Workouts that strengthen your core include yoga, tai chi and Pilates. You can also do moves that challenge your core as part of your regular workout. Good options:

  • Planks. Start as though you’re going to do a push-up, but with your forearms on the floor, palms down. Keep your abs pulled in tight. Hold there for as long as you can without letting your hips sink down or hike up in the air.
  • Hip bridges. Lie on your back with your knees bent and feet close to your butt. Place your hands on the floor by your sides. Slowly lift your hips as high as you can. Pause at the top, then lower and repeat. Do as many reps as you can.

Aim to do muscle-strengthening exercises twice a week.7

If you have ongoing back pain, though, be sure to check in with your doctor. Certain types of arthritis that affect the spine and pelvis can set in at this stage of life. If your doctor suspects that this could be the cause, they may send you to a rheumatologist. That’s a doctor who specializes in arthritis. A combination of medication and exercise can ease pain and stiffness.

7. Keep your skin firm and healthy

Notice some wrinkles on your face now that you’re in your 30s? That is partly due to a natural drop in levels of elastin and collagen. Those are proteins that keep your skin smooth.

Using moisturizer on your skin can help with wrinkles.8 Your skin doctor can also suggest something stronger. For example, medicines like prescription retinoid cream or chemical peels.

Sun exposure also causes wrinkles. Wear a broad-spectrum sunscreen with SPF 30 or higher every day. If you haven’t yet made that a habit, now is the time to start. Not worried about wrinkles? Sunscreen can help with more serious problems. It can keep you from getting skin cancer, including melanoma (the most deadly form).9

Schedule a skin check if you haven’t had one yet. That way your doctor can check and possibly remove any suspicious spots.

Yes, you do have a few more to-dos on your list now that you’re in your 30s. But focusing on your health will always be worth the extra effort.

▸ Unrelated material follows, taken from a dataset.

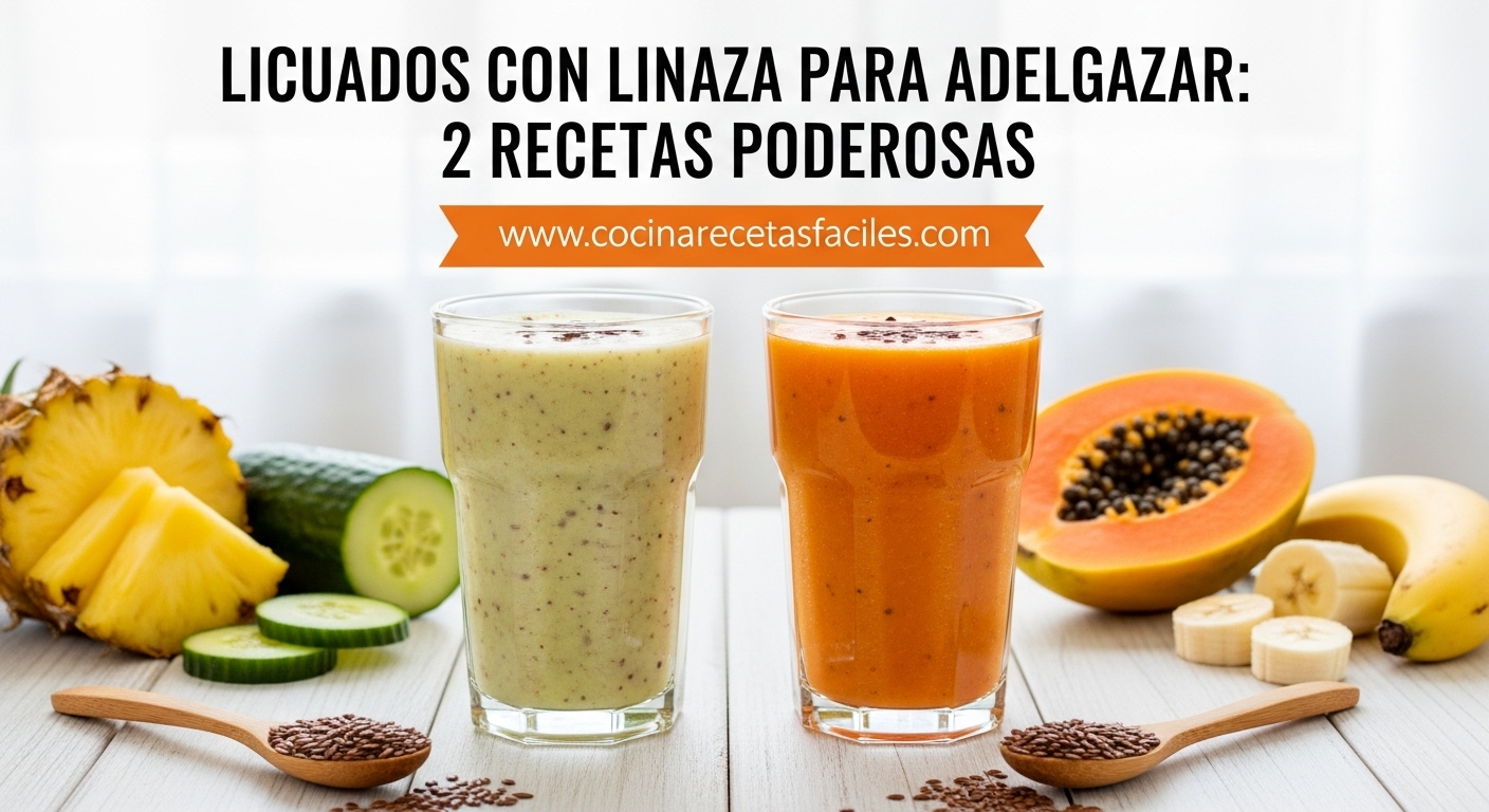 El que más repito es el batido nocturno de linaza y cúrcuma: una cucharada de linaza molida, media cucharadita de cúrcuma, leche vegetal calentita y un toque de miel; lo tomo antes de dormir y al día siguiente ya noto menos hinchazón. Por las mañanas arranco con cualquiera de las 5 recetas de linaza para bajar de peso en una semana, todas listas en 3 minutos y me mantienen llena hasta la comida. Y cuando quiero algo más potente, preparo los batidos de linaza y chía: la combinación es brutal para la grasa rebelde.

  1. Centers for Disease Control and Prevention. Healthy ways to cope with stress. Last reviewed April 2020. Accessed July 14, 2022.
  2. Centers for Disease Control and Prevention. Common reproductive health concerns for women. Last reviewed April 18, 2018. Accessed July 26, 2022.
  3. United States Census Bureau. Fertility rates: Declined for younger women, increased for older women. Last revised: April 12, 2022. Accessed August 8, 2022.
  4. The American College of Obstetricians and Gynecologists. Female age-related fertility decline. Last reviewed March 2014. Accessed July 18, 2022.
  5. National Institute of Child Health and Human Development. How common is male infertility, and what are its causes? Last reviewed November 18, 2021. Accessed August 8,2022.
  6. National Institute on Aging. Osteoporosis. Last reviewed June 26, 2017. Accessed July 18, 2022.
  7. Centers for Disease Control and Prevention. How much physical activity do adults need? Last reviewed June 2, 2022. Accessed July 18, 2022.
  8. American Academy of Dermatology. Wrinkle remedies. Accessed July 18, 2022.
  9. American Cancer Society. How do I protect myself from ultraviolet (UV) rays? Last reviewed July 23, 2019. Accessed July 18, 2022.